Top politics clips of 2019

Highest earner on Youtube ? Eight-year-old Kaji got his start on the channel when he was just 3 years old by unboxing toys on camera. He’s matured to conducting science experiments and branched out beyond YouTube with a line of more than 100 toys, clothing items and more, a show on Nickelodeon and a deal with Hulu. High-minded programming can be found on YouTube—it just doesn’t make much money. YouTube’s ten highest earners brought in a total of $162 million between June 1, 2018, and June 1, 2019, including Ryan and Nastya, as well a five gamers who play popular titles like Minecraft and Fortnite. Dude Perfect (No. 2, with $20 million), features five thirtysomethings playing with adolescent toys like a giant Nerf ball, and Rhett and Link (No. 4, with $17.5 million), who perform food stunts like tasting Flamin’ Hot Cheetos-flavored Pop-Tarts.

Who’d have thought that a WWE-produced movie could be so good? The story of real life professional wrestler Paige arrives as a somewhat-biographical film of her ascent to fame. After getting the opportunity to audition for the WWE, Paige (who is actually named Saraya) and her brother take their shot, but when she makes it further than him, it’s up to her to stay strong when she’s (literally) against the ropes.

The internet loves animals. So the fact that this clip ranks in the top 10 most popular YouTube humor clips ever should come as no surprise. The clip is only 17 seconds long, but it’s guaranteed to lighten your mood. In the video, a mother panda is chewing away on a snack while her baby naps on the ground next to her. Suddenly the baby sneezes and surprises everyone watching. Discover additional amazing movies on yt.

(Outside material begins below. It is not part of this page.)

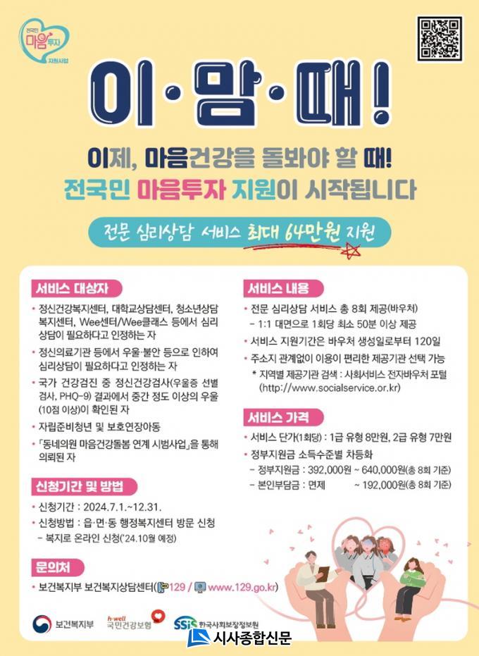 ÀÌ »ç¾÷Àº ¿ì¿ï¡¤ºÒ¾È µî Á¤¼Àû ¾î·Á¿òÀÌ ÀÖ´Â ±¹¹Î¿¡°Ô Àü¹®ÀûÀÎ ½É¸®»ó´ã ¼ºñ½º¸¦ Á¦°øÇÏ´Â »ç¾÷À¸·Î Èñ¸ÁÀÚ¿¡°Ô ÃÖ¼Ò 50ºÐ ÀÌ»ó 1:1 ´ë¸é ½É¸®»ó´ã ¼ºñ½º¸¦ ÃÑ 8ȸ ¹ÞÀ» ¼ö ÀÖ´Â ¹Ù¿ìó¸¦ Á¦°øÇÑ´Ù.

Best clip for a song in 2019 ? For the Serfs Up! album, which opened with this track, Fat White Family moved to Sheffield to get off heroin – but, it transpired, this merely meant not injecting it. That paradox suffuses Feet: its groove has very much got its shit together, but there’s still a sickness at its heart. It’s like a sleazy wallflower who slinks out of the dingy corner of some dive bar, and, snake-hipped, starts throwing some unexpectedly impressive disco shapes on the floor.